» Brief: Repeat exactly the lines running from the first line of the data to the line containing "Functional paper mache", both ends included, and nothing else; drop the pictures.

++++++

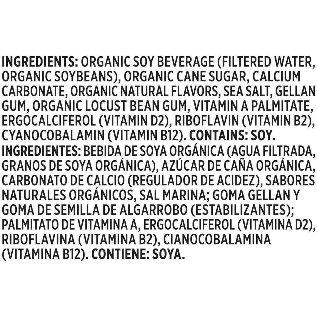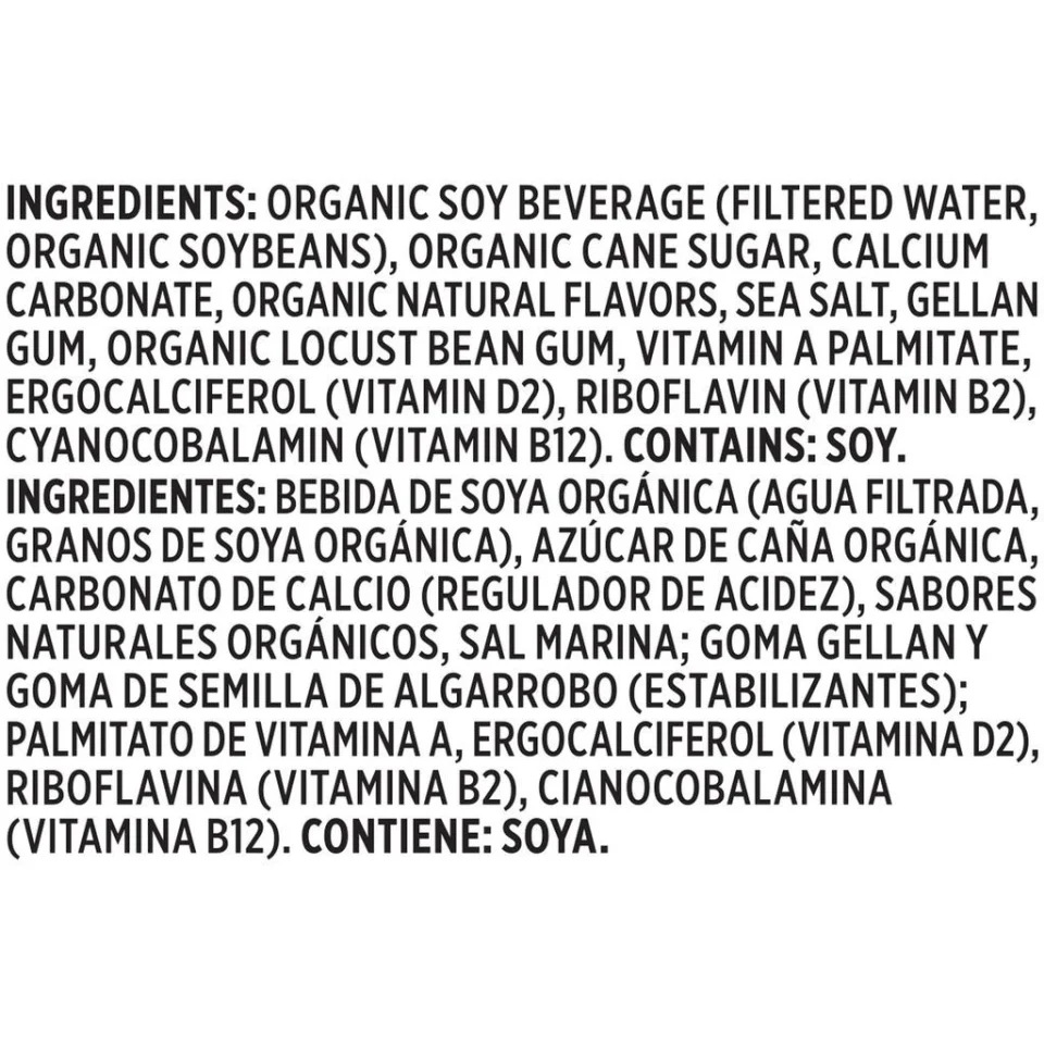 • Organic soy beverage (filtered water, organic soybeans), organic cane sugar, calcium carbonate, organic natural flavors, sea salt, gellan gum, organic locust bean gum, vitamin A palmitate, ergocalciferol (vitamin D2), riboflavin (vitamin B2), cyanocobalamin (vitamin B12). Contains soy.
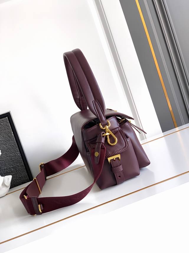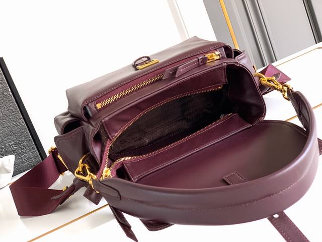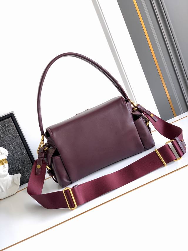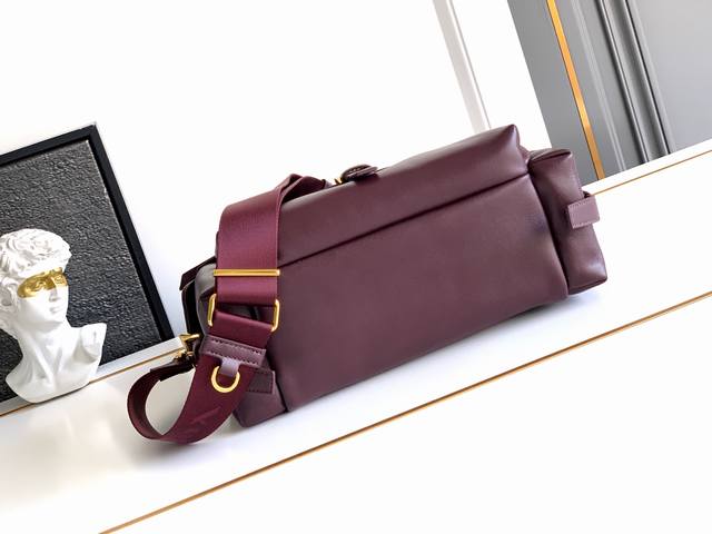 New Messenger Bag. This handbag perfectly blends sophistication and functionality, crafted from imported lambskin. It features a soft silhouette and multiple pockets. The lightweight and practical design combines sporty and versatile elements, adorned with an enamel triangular metal logo and leather details. It comes with two detachable shoulder straps, offers ample capacity, and is simply perfect. Another timeless and popular style, suitable for both men and women. Grab yours now! Model: 1Bd394 Dimensions: 30X14X10Cm
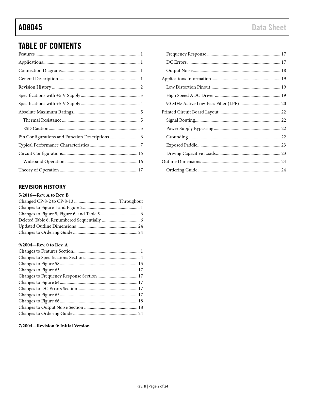 AD8045 Data Sheet TABLE OF CONTENTS REVISION HISTORY 5/2016—Rev A to Rev B 9/2004—Rev 0 to Rev A
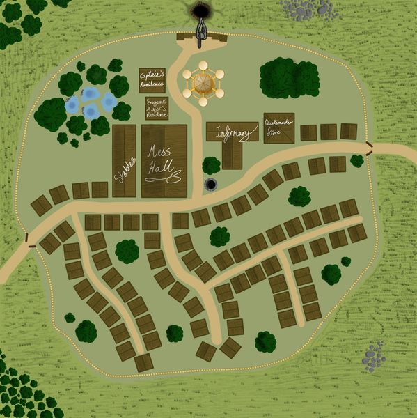 When they arrive at Fort Daylight, they are greeted at the gates by a male Tiefling soldier named Corporal Garrick Halloweave. He is very welcoming and simply asks for their names and the intended duration of their visit. He does not ask them to surrender their weapons, and invites them to attend to the Mess Hall, where they can meet the Fort's Captain and Sergeant Major, who will arrange accommodations for them. They see, to the North of the fort, a huge statue of a woman, dressed in spartan armor, kneeling and facing out from the garrison, with arms outstretched (as if trying to catch rain), over the edge of the garrison walls.
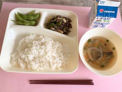 【ごはん、チンジャオニューロウスー、ハムと野菜の中華スープ、えだまめ、牛乳】
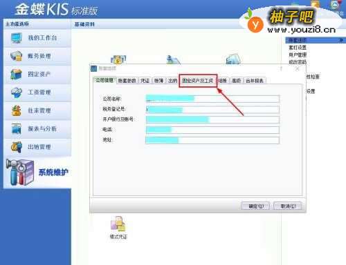 3在“账套选项”界面,单击选择【固定资产及工资】页签;
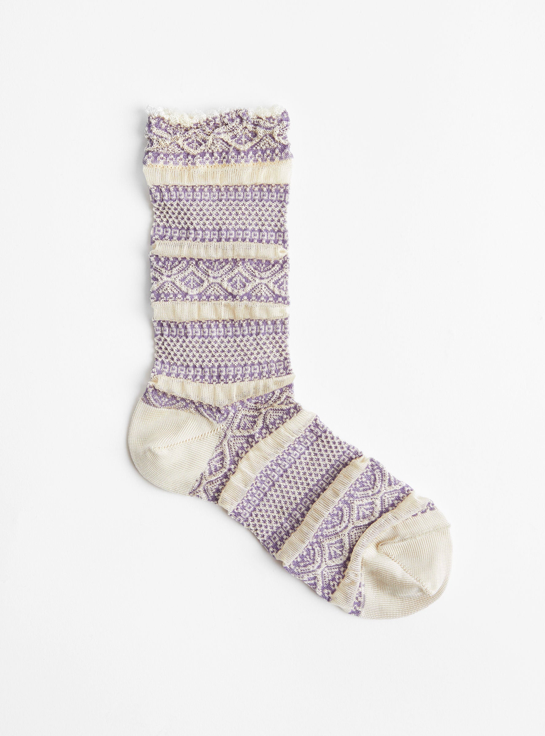 The Lacy Socks from Maria La Rosa come in Lilac and are made from a soft viscose blend. These patterned socks feature a delicate design, offering a lightweight and comfortable fit.
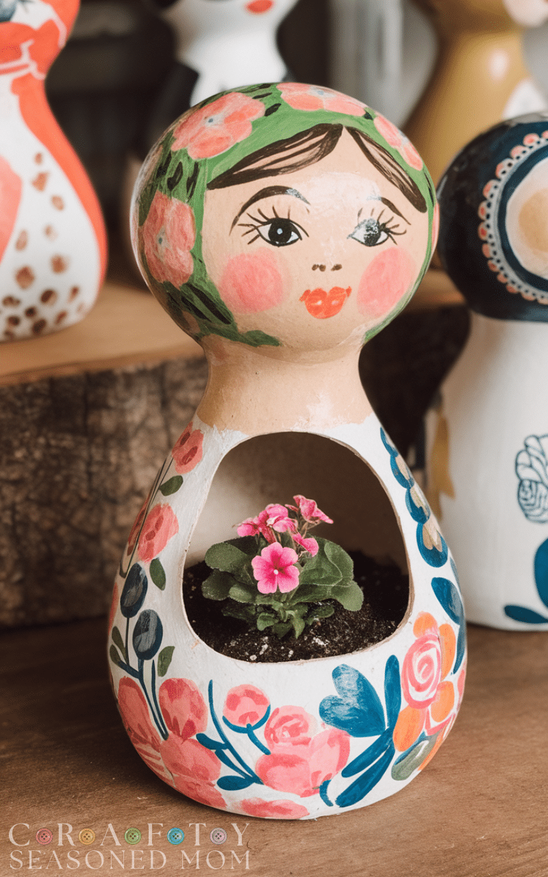 Functional paper mache dolls ideas include turning doll bodies into small planters. The head or body can hold tiny plants or artificial flowers. These dolls add charm to desks or shelves. Paper mache dolls ideas like planters combine art and function.
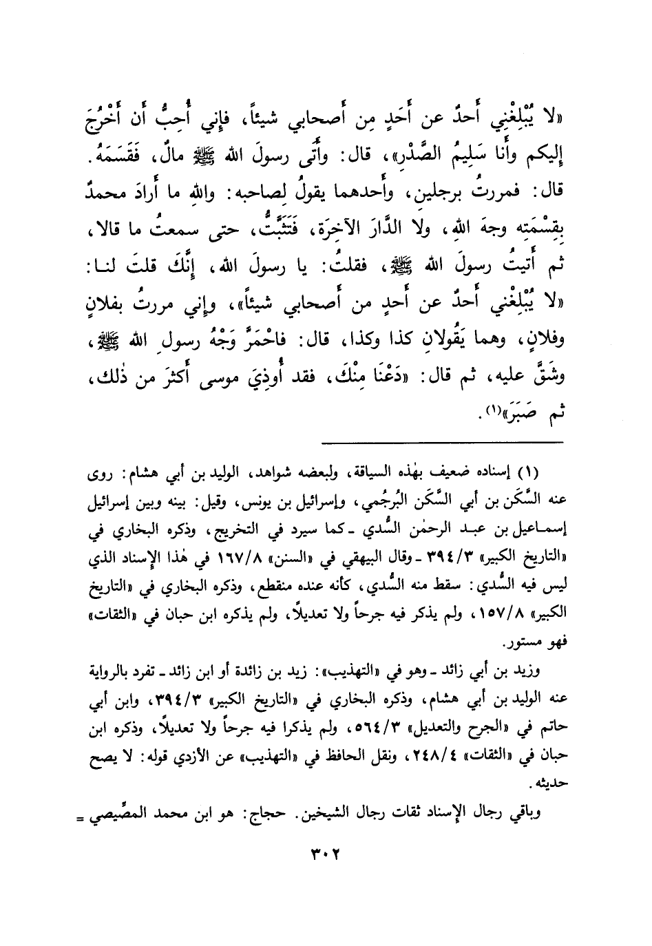 لَا يُبَلِّغْنِي أَحَدٌ عَنْ أَحَدٍ مِنْ أَصْحَابِي شَيْئًا؛ فَإِنِّي أُحِبُّ أَنْ أَخْرُجَ إِلَيْكُمْ وَأَنَا سَلِيمُ الصَّدْرِ "، قَالَ: وَأَتَى رَسُولَ اللهِ صَلَّى اللهُ عَلَيْهِ وَسَلَّمَ مَالٌ، فَقَسَمَهُ. قَالَ: فَمَرَرْتُ بِرَجُلَيْنِ، وَأَحَدُهُمَا يَقُولُ لِصَاحِبِهِ: وَاللهِ مَا أَرَادَ مُحَمَّدٌ بِقِسْمَتِهِ وَجْهَ اللهِ، وَلَا الدَّارَ الْآخِرَةَ، فَتَثَبَّتُّ، حَتَّى سَمِعْتُ مَا قَالَا، ثُمَّ أَتَيْتُ رَسُولَ اللهِ صَلَّى اللهُ عَلَيْهِ وَسَلَّمَ، فَقُلْتُ: يَا رَسُولَ اللهِ، إِنَّكَ قُلْتَ لَنَا: " لَا يُبَلِّغْنِي أَحَدٌ عَنْ أَحَدٍ مِنْ أَصْحَابِي شَيْئًا "، وَإِنِّي مَرَرْتُ بِفُلَانٍ وَفُلَانٍ، وَهُمَا يَقُولَانِ كَذَا وَكَذَا، قَالَ: فَاحْمَرَّ وَجْهُ رَسُولِ اللهِ صَلَّى اللهُ عَلَيْهِ وَسَلَّمَ، وَشَقَّ عَلَيْهِ، ثُمَّ قَالَ: " دَعْنَا مِنْكَ، فَقَدْ أُوذِيَ مُوسَى أَكْثَرَ مِنْ ذَلِكَ، ثُمَّ صَبَرَ " (١)

++++++

» Task result:
 • Organic soy beverage (filtered water, organic soybeans), organic cane sugar, calcium carbonate, organic natural flavors, sea salt, gellan gum, organic locust bean gum, vitamin A palmitate, ergocalciferol (vitamin D2), riboflavin (vitamin B2), cyanocobalamin (vitamin B12). Contains soy.
 New Messenger Bag. This handbag perfectly blends sophistication and functionality, crafted from imported lambskin. It features a soft silhouette and multiple pockets. The lightweight and practical design combines sporty and versatile elements, adorned with an enamel triangular metal logo and leather details. It comes with two detachable shoulder straps, offers ample capacity, and is simply perfect. Another timeless and popular style, suitable for both men and women. Grab yours now! Model: 1Bd394 Dimensions: 30X14X10Cm
 AD8045 Data Sheet TABLE OF CONTENTS REVISION HISTORY 5/2016—Rev A to Rev B 9/2004—Rev 0 to Rev A
 When they arrive at Fort Daylight, they are greeted at the gates by a male Tiefling soldier named Corporal Garrick Halloweave. He is very welcoming and simply asks for their names and the intended duration of their visit. He does not ask them to surrender their weapons, and invites them to attend to the Mess Hall, where they can meet the Fort's Captain and Sergeant Major, who will arrange accommodations for them. They see, to the North of the fort, a huge statue of a woman, dressed in spartan armor, kneeling and facing out from the garrison, with arms outstretched (as if trying to catch rain), over the edge of the garrison walls.
 【ごはん、チンジャオニューロウスー、ハムと野菜の中華スープ、えだまめ、牛乳】
 3在“账套选项”界面,单击选择【固定资产及工资】页签;
 The Lacy Socks from Maria La Rosa come in Lilac and are made from a soft viscose blend. These patterned socks feature a delicate design, offering a lightweight and comfortable fit.
 Functional paper mache dolls ideas include turning doll bodies into small planters. The head or body can hold tiny plants or artificial flowers. These dolls add charm to desks or shelves. Paper mache dolls ideas like planters combine art and function.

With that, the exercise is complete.